**Task objective:** Do not include the pictures; repeat the rest of the data exactly.

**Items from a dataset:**
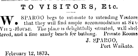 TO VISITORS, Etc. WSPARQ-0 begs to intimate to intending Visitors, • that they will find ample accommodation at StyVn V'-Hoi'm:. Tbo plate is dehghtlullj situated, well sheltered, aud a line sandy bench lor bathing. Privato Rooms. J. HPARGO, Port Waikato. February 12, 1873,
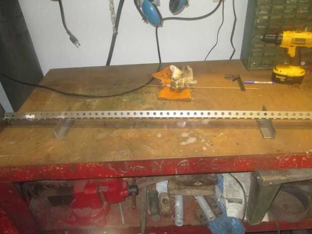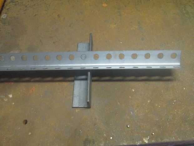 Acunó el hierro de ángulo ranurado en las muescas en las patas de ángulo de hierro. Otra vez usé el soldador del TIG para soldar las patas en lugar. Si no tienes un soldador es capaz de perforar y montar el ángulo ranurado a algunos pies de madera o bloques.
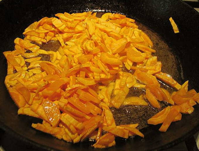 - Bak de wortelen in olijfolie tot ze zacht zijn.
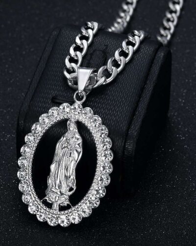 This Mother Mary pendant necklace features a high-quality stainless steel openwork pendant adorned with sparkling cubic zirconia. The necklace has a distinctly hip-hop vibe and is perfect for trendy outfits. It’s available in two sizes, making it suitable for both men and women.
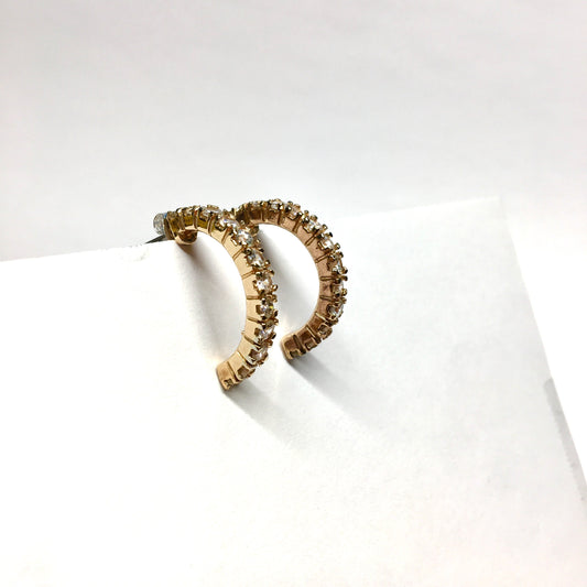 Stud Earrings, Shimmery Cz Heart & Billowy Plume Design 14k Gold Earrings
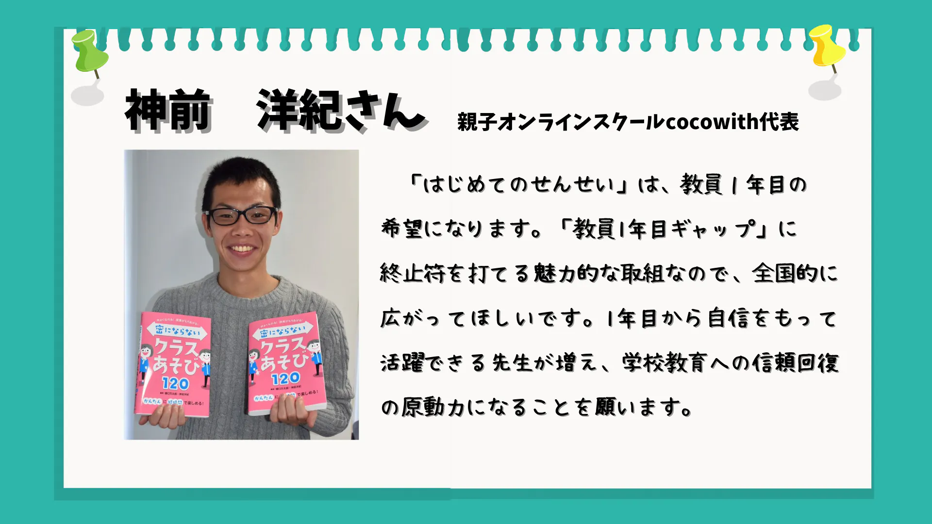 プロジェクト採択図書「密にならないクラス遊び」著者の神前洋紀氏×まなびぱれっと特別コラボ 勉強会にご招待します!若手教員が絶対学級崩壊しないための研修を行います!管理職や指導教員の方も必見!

**Answer to the exercise:**
 TO VISITORS, Etc. WSPARQ-0 begs to intimate to intending Visitors, • that they will find ample accommodation at StyVn V'-Hoi'm:. Tbo plate is dehghtlullj situated, well sheltered, aud a line sandy bench lor bathing. Privato Rooms. J. HPARGO, Port Waikato. February 12, 1873,
 Acunó el hierro de ángulo ranurado en las muescas en las patas de ángulo de hierro. Otra vez usé el soldador del TIG para soldar las patas en lugar. Si no tienes un soldador es capaz de perforar y montar el ángulo ranurado a algunos pies de madera o bloques.
 - Bak de wortelen in olijfolie tot ze zacht zijn.
 This Mother Mary pendant necklace features a high-quality stainless steel openwork pendant adorned with sparkling cubic zirconia. The necklace has a distinctly hip-hop vibe and is perfect for trendy outfits. It’s available in two sizes, making it suitable for both men and women.
 Stud Earrings, Shimmery Cz Heart & Billowy Plume Design 14k Gold Earrings
 プロジェクト採択図書「密にならないクラス遊び」著者の神前洋紀氏×まなびぱれっと特別コラボ 勉強会にご招待します!若手教員が絶対学級崩壊しないための研修を行います!管理職や指導教員の方も必見!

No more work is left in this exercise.